Read in

Releases

Qwen

Qwen has somehow outdone themselves this week, releasing 10 new products and models, here are the notable ones you should pay attention to. For all of the models I am about to mention (except Qwen Guard) are available to use for FREE on Qwen’s website.

Qwen3 Max

In a departure from their usual open source releases, they dropped their largest model, Qwen3 Max, via API and web interface only. The model is a mixture of experts model and is reportedly over one trillion parameters.

Qwen Max Benchmarks

The model benchmarks very well, similar to Claude Opus and DeepSeek 3.1. It also seems to pass the community vibe check with many people reporting strong coding, tool calling, and general writing capabilities.

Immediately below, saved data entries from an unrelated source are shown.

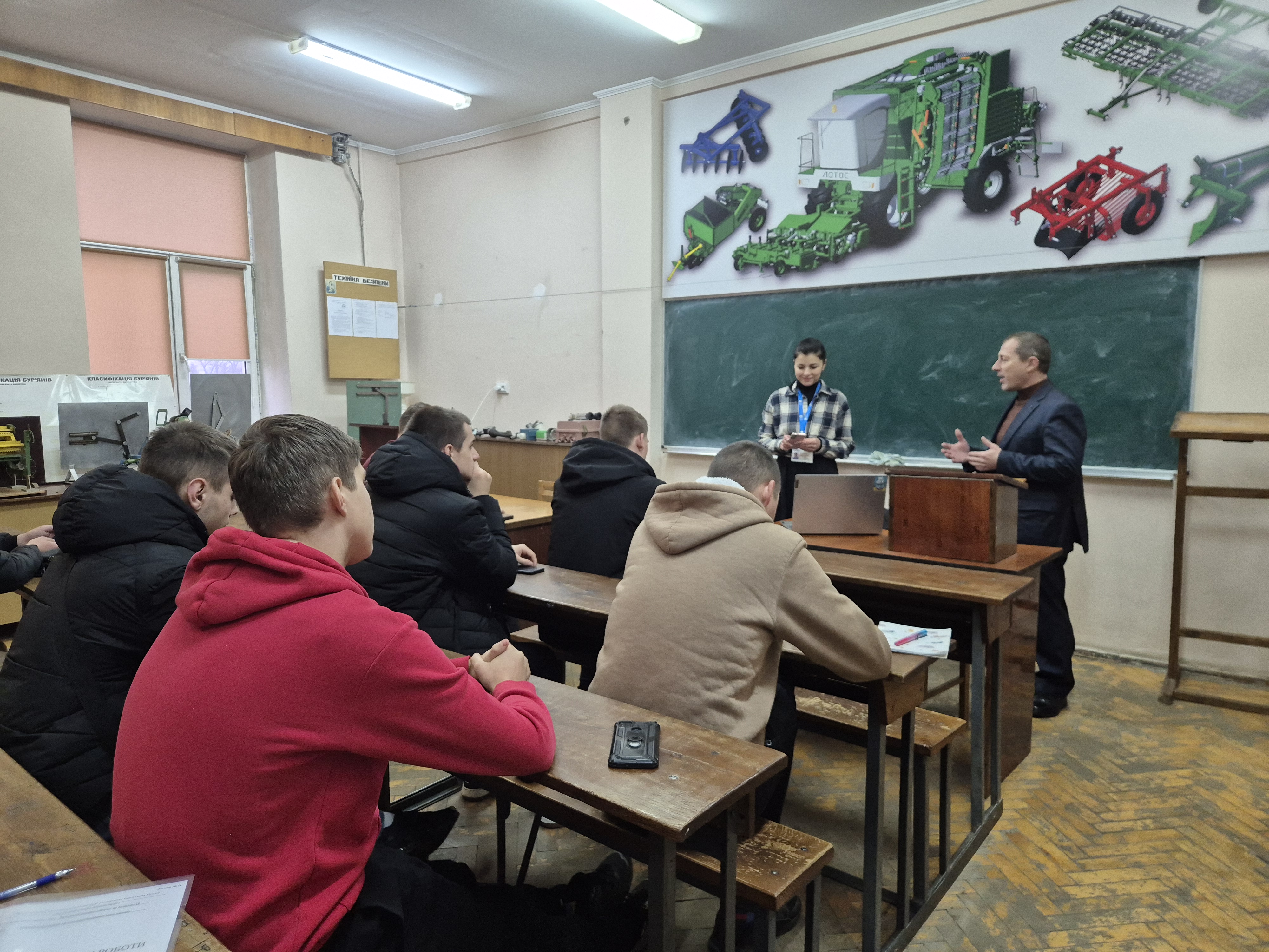 Зустріч складалася із гостьової лекції, що була проведена експертами відповідних ланок компанії, та практичного заняття, де здобувачі освіти ознайомилися з окремими сільськогосподарськими машинами, особливостями їх експлуатації та ремонту.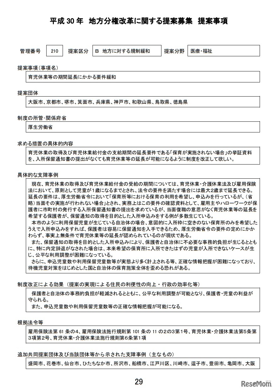 保育園利用希望者に対して入所できなかった場合に育児休業の延長が可能か否かを表示させ、育児休業延長を目的とした保育所への申込みを抑制し、保育ニーズの高い人を優先的に扱うよう厚生労働省が検討していることが、2018年10月22日の専門部会配布資料からわかった。
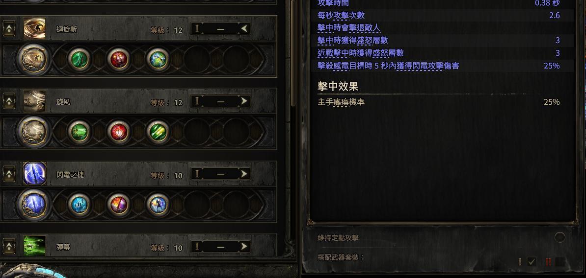 简单分享一个算蛮无脑通关剧情的流派,1等就成型,看到全网都在推锐眼,但以我以前的经验来说,初期弓、弩、掷弹体验其实不好,而旋风流派则因为0.3更新内容-【辅助可以重复使用】得到了大优化。初期苦恼的疾速攻击该给谁?现在直接每个技能都可以补上。无缝自动切换武器使用技能也大幅度提升旋风的额外伤害,旋风接触到元素地面会附加该元素50%的额外伤害

We will have to wait a few more weeks as proper benchmarks for this model get released before we can definitively say this is a frontier level model.

The model is using a tiered pricing depending on how many tokens it uses, which we are seeing more and more of as the usable context window for these LLMs grow.

Context Length	Input Tokens/Million	Output Tokens/Million
0–32K	$1.2	$6
32K–128K	$2.4	$12
128K–252K	$3	$15

For context, GPT-5 costs $10 per million output tokens, and Claude Sonnet costs $15 per million, putting this model in roughly the same tier as those models, showing Qwen’s confidence in its strength.

Qwen3-VL

The next release is their Qwen3 vision model, built on their 235 billion parameter MOE model. Its benchmarks put it on top across the entire frontier VLM ecosystem, outdoing the incumbent champion Gemini 2.5 Pro on most of the benchmarks tested.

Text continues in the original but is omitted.